The call to compare_exchange_strong on m_tail_1 is also fine to be relaxed, as is the load of m_tail_2. The store to m_tail_2 is going to be point at which we need a fence. That store will be used to signal to reader threads that the data is written, and can be read. We need to make sure that the compiler cannot re-order this store before the write to m_data. Also, certain weirder architectures could re-order the stores as they gradually become visible in other threads, such that the store to m_tail_2 becomes visible before the write to m_data or m_tail_1. So, a release fence just before the store to m_tail_2 will make sure that reads and writes before the fence, cannot be reordered past writes which occur after the fence. The only write to occur after the fence is the store to m_tail_2, so the writes to m_data and m_tail_1 can't be reordered past it:

bool try_enqueue( const T& value )
{
	const uint64_t head = m_head_2.load( std::memory_order_relaxed );
	int uint64_t = m_tail_1.load( std::memory_order_relaxed );
	const uint64_t count = tail - head;
	
	if( count >= m_size )
	{
		// queue is full
		return false;
	}
	
	if( !m_tail_1.compare_exchange_strong( tail, tail + 1, std::memory_order_relaxed ) )
	{
		return false;
	}
	
	m_data[tail % m_size] = value;
	
	while( m_tail_2.load( std::memory_order_relaxed ) != tail ) {}
	
	std::atomic_thread_fence( std::memory_order_release );
	m_tail_2.store( tail + 1, std::memory_order_relaxed );
	
	return true;
}

Now for try_dequeue:

bool try_dequeue( T& out )
{
	const uint64_t tail = m_tail_2.load();
	uint64_t head = m_head_1.load();

	if( head >= tail )
	{
		// empty
		return false;
	}

	if( !m_head_1.compare_exchange_strong( head, head + 1 ) )
	{
		return false;
	}

	out = m_data[head % m_size];

	while( m_head_2.load() != head ) {}
	m_head_2.store( head + 1 );

	return true;
}

When head is equal to tail then the queue is empty, and no items can be dequeued. We check for head greater-than or equal-to tail, but head can never actually be greater than tail. However, head can be greater than our observed value of tail, as between reading tail and reading head, both head and tail could be advanced by other threads adding and removing items from the queue.

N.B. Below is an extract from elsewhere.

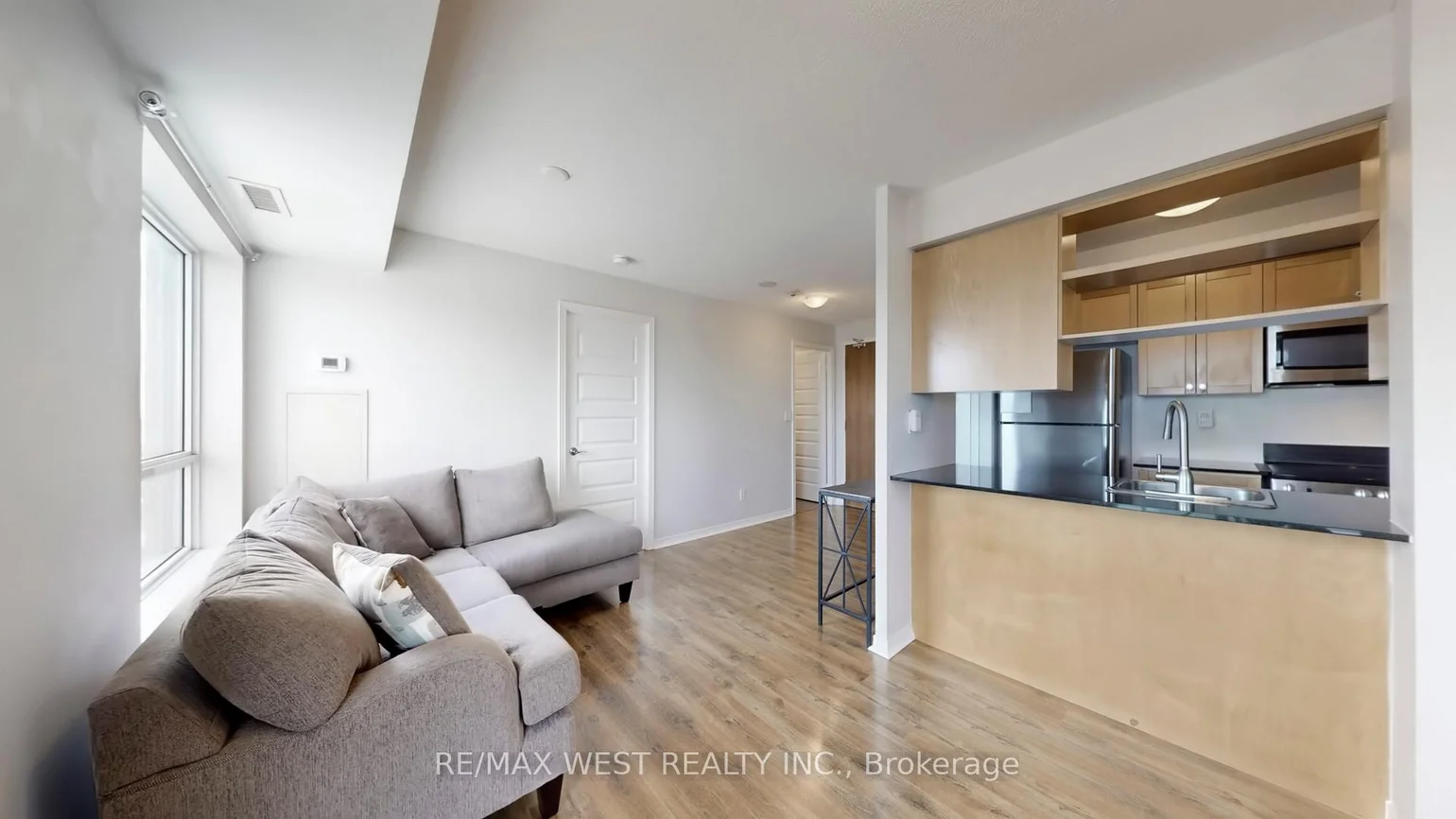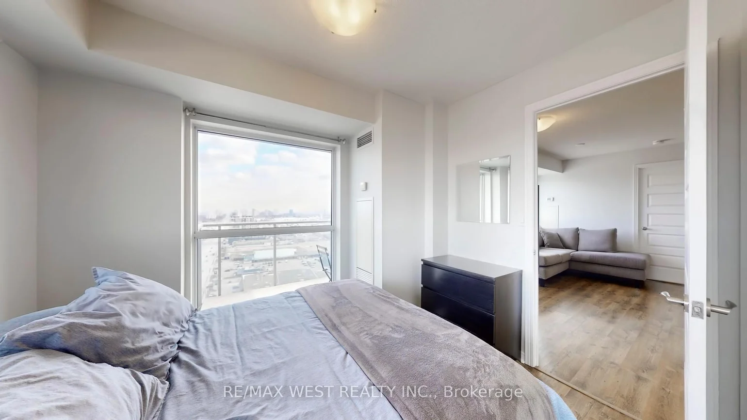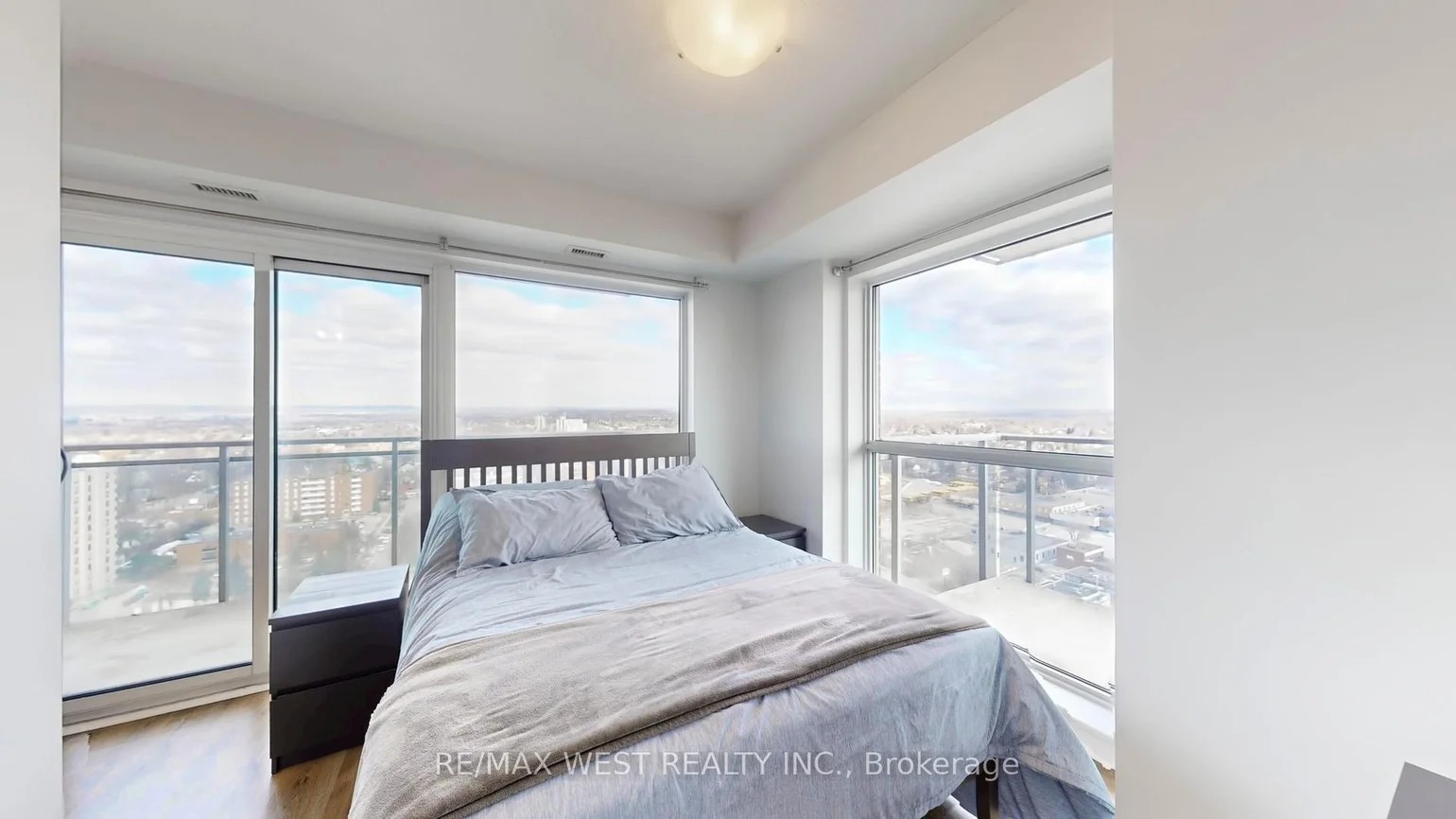See the skyline from every angle! Enjoy breathtaking, panoramic city views from not one, but two private and generously sized balconies-perfect for relaxing or entertaining. This bright corner unit offers a thoughtfully designed open-concept layout that maximizes both space and functionality. The spacious primary bedroom is a true retreat, featuring its own private balcony and a 4-piece ensuite. The second bedroom includes the added convenience of ensuite laundry. Gleaming laminate flooring runs throughout, complementing the modern aesthetic. Flooded with natural light from floor-to-ceiling windows, this space is warm and inviting. The kitchen is designed for both style and practicality, complete with a breakfast bar and a cutout that enhances the open, airy feel. This suite comes with a second full washroom, ideal for guests. Tucked away in a quiet area, this sun-filled, charming suite is perfectly suited for comfortable, happy living-an ideal choice for a starter home or savvy investment.

So now for the fences. We'll need a release fence like last time, for the write to m_head_2. There is another issue though, and that is the read from m_data. We can't be sure that if even though we're observing a certain value for m_tail_2, the corresponding side effects in m_data are also visible in this thread. As I said before, not only can writes to memory be re-ordered on certain architectures, so to can reads. This wouldn't be a problem on an architecture like x86 where I'll actually be running this code, but it's also not impossible that the compiler might move the code around such that a speculative read happens before the call of compare_exchange_strong.

We need an acquire fence before the read from m_data. This ensures that all memory operations after the fence, can't be reordered before any reads which occur before the fence. The read we're particularly interested in is the read of m_tail_2.

bool try_dequeue( T& out )
{
	const uint64_t tail = m_tail_2.load( std::memory_order_relaxed );
	uint64_t head = m_head_1.load( std::memory_order_relaxed );

	if( head >= tail )
	{
		return false;
	}

	if( !m_head_1.compare_exchange_strong( head, head + 1, std::memory_order_relaxed ) )
	{
		return false;
	}

	std::atomic_thread_fence( std::memory_order_acquire );
	out = m_data[head % m_size];

	while( m_head_2.load( std::memory_order_relaxed ) != head ) {}

	std::atomic_thread_fence( std::memory_order_release );
	m_head_2.store( head + 1, std::memory_order_relaxed );

	return true;
}

I should probably mention at some point that this algorithm isn't technically lock-free, each writer thread must wait for the previous writer to complete and advance m_tail_2 before it can also advance m_tail_2 and exit. In testing though, it still easily outperformed a mutex.

The code I had written at this point, worked with all the stress tests I threw at it, regardless of the optimisation options I compiled with - both on my x86/64 laptop, and my iPhone (this has an ARM processor, which has a weaker memory model than x86), both were fine.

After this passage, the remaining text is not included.